Our long-term goal is to reverse-engineer the human brain in order to understand how a system can construct the complex phenomenon that we call vision.
Many approaches to vision focus on the static aspects of vision and analyze how the three-dimensional structure of the world is estimated from the two-dimensional images on the retina. However, due to the movements of the observer, movements of the eyes, and the movements of objects, it is clear that natural vision is highly dynamic, as emphasized by various researchers such as Joseph Ternus, Gunnar Johansson, and James J. Gibson. The projection of the three-dimensional world on our retinae (proximal stimulus) undergoes complex real-time changes that are dependent on both the properties of our environment (distal stimulus) and our own movements.
REFERENCE-FRAMES AND THE METRIC OF VISUAL REPRESENTATIONS
Thus, the visual system needs to select in real-time appropriate reference-frames and metrics in order to disentangle the properties of the environment from those that result from our own actions.
Retinotopy, the initial representation in the visual system: The optics of the eyes map the three-dimensional environment into two-dimensional images on the retina.
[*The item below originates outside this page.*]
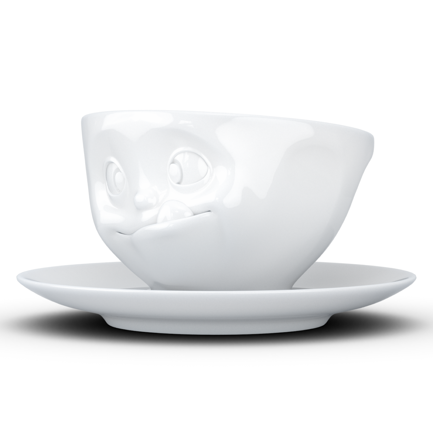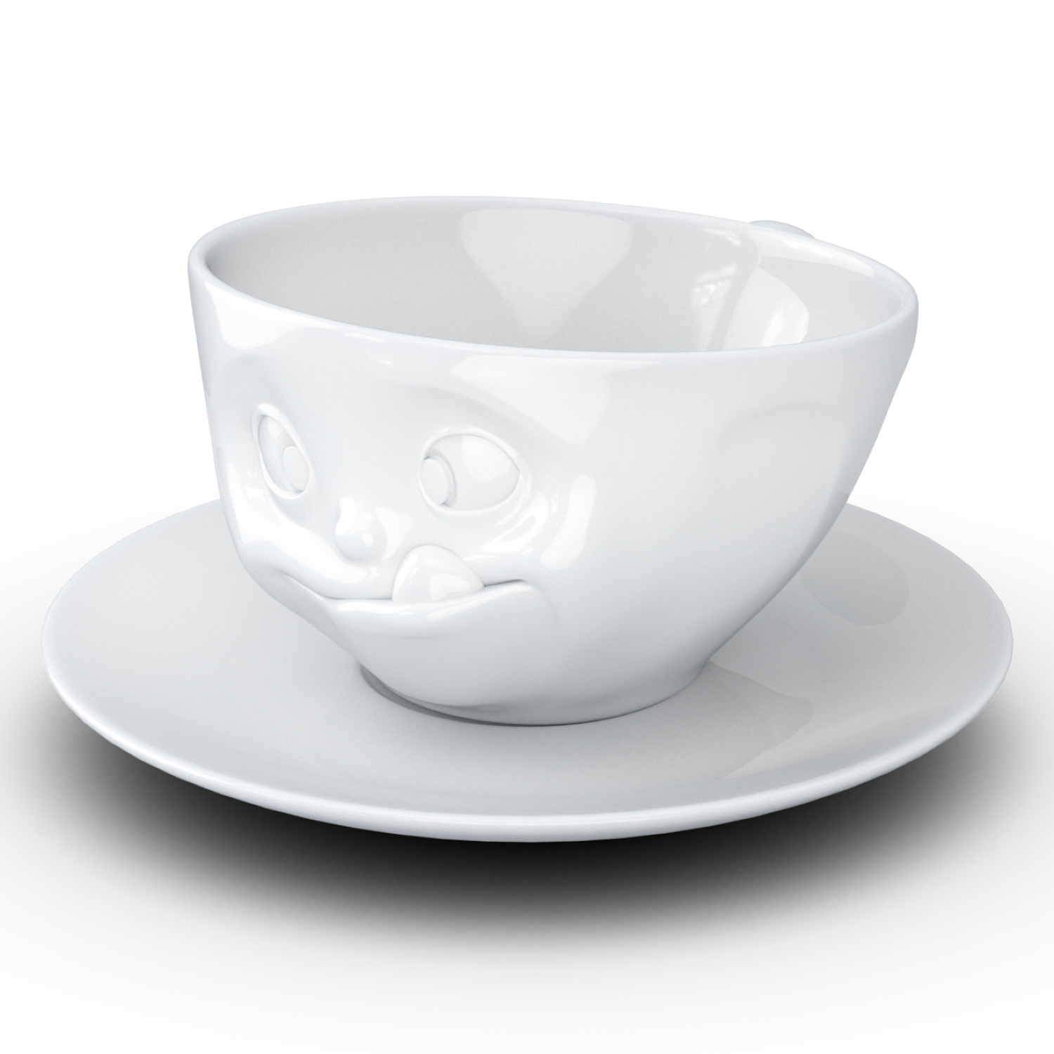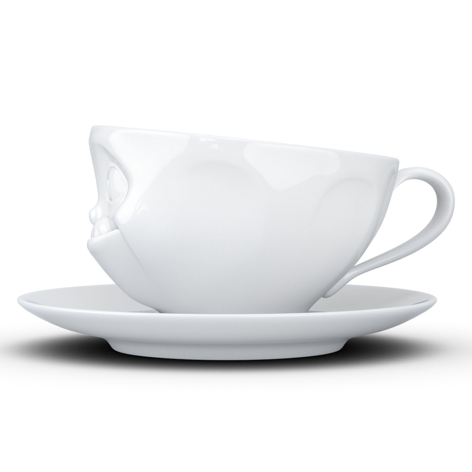 Durch ihre schlichte, weiße Farbe passt die Tasse samt passendem Unterteller zu nahezu jedem Kaffeeservice und fügt sich harmonisch in jede Tischdekoration ein. Das hochwertige Design überzeugt durch zeitlose Eleganz und fügt Ihrer Kaffeerunde eine Prise Humor hinzu.

These two-dimensional representations, known as retinotopy, are preserved in early visual areas in the cortex.
EXAMPLE OF RETINOTOPY: Spatially neighboring stimuli are mapped on neighboring regions in early visual cortex. Top panels: Stimuli viewed by the observer; bottom panels: Areas activated by each stimulus (color coded) in early visual cortex.
Most approaches to vision build perceptual representations by spatial and motion mechanisms that operate on these retinotopic representations. However, it has been long known that a retinotopic image is neither necessary nor sufficient for the perception of form: When a moving object is viewed behind a narrow slit cut out of an opaque surface (anorthoscopic perception), all information about the moving object’s shape collapses temporally on a narrow retinotopic locus in a fragmented manner, i.e. there is no spatially extended retinotopic image of the shape. Yet, observers perceive a spatially extended and perceptually integrated shape moving behind the slit instead of a series of fragmented patterns that are confined to the region of the slit. Anorthoscopic perception shows that a retinotopic image is not necessary for the perception of form.

ANORTHOSCOPIC PERCEPTION
The visibility of a “target stimulus” can be completely suppressed by a retinotopically non-overlapping “mask stimulus” that is presented in the spatio-temporal vicinity of the target stimulus, phenomena known as para- and meta- contrast masking (Bachmann, 1984; Breitmeyer & Öğmen, 2006). These masking effects indicate that the existence of a retinotopic image is not a sufficient condition for the perception of form and that the dynamic context within which the stimulus is embedded plays a major role in determining whether form perception will take place.
NON-RETINOTOPIC VISION
Our research shows that many phenomena such as form, motion perception, visual search, attention, hitherto thought to occur in retinotopic representations, occur instead in non-retinotopic representations.
WHY NON-RETINOTOPIC VISION? THE PROBLEMS OF MOTION BLUR AND MOVING GHOSTS
The visible persistence of a briefly presented stationary stimulus is approximately 120 ms under normal viewing conditions (e.g., Haber & Standing, 1970; see also Coltheart, 1980). Based on this duration of visible persistence, one would expect moving objects to appear highly blurred. For example, a target moving at a speed of 10 deg/s should generate a comet-like trailing smear of 1.2 deg extent. The situation is similar to pictures of moving objects taken at an exposure duration that mimics visible persistence. As illustrated below, in such a picture, stationary objects are relatively clear but moving objects exhibit extensive blur.